There are also some contradictions in the work. On the one hand, the author says that animals have highly complex thinking, therefore the distinction between humans and animals is ‘without difference’; on the other hand, he says they are “forms of life that can never make a claim to humanity in the first place” due to “cognitive, sensory, and morphological differences” (p.23). Donald Davidson argues that the ability to make claims, or as he calls them, ‘propositional attitudes’, is characteristic of rationality (see for instance his ‘Rational Animals’, Dialectica, 1982). So if animals cannot have propositional attitudes, they are not rational. But abstract thinking is necessary for such attitudes. This further reinforces the hierarchy between different species that Meiches attempts to deconstruct.

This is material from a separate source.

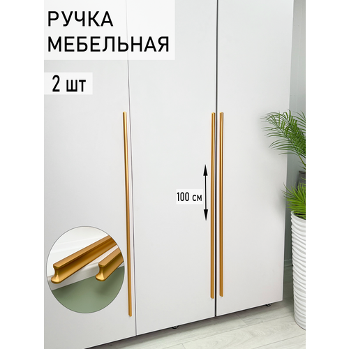 Ручка мебельная дизайнерская для шкафа, матовое золото (100см) 2 шт.

In general, Meiches provides a well-structured argument supported by examples, research, logic, and original thought. However, internal tensions and its contradictions of scientific research undermine the main argument of the book regarding the agency and defining role of animals in humanitarian work. Suppose animals are not rational and unable to comprehend humanitarianism as a concept due to an inadequacy of language. In that case, it is questionable if we can consider their aid in humanitarian work as a manifestation of their agency. In other words, it is uncertain if they are indeed capable of acting independently, and are doing so, or are instead mere ‘instruments for human ends’ in humanitarian work. Nevertheless, the book makes a strong case for expanding our understanding of nonhuman animals’ role in humanitarianism, while demonstrating how interconnected humans and nonhuman animals are. It also illustrates well the transformative psychological and emotional aspects of the interaction between humans and animals in a humanitarian setting.

© Andrew Strebkov 2024

Andrew Strebkov is a Canadian writer and blogger with interests in epistemology and political philosophy.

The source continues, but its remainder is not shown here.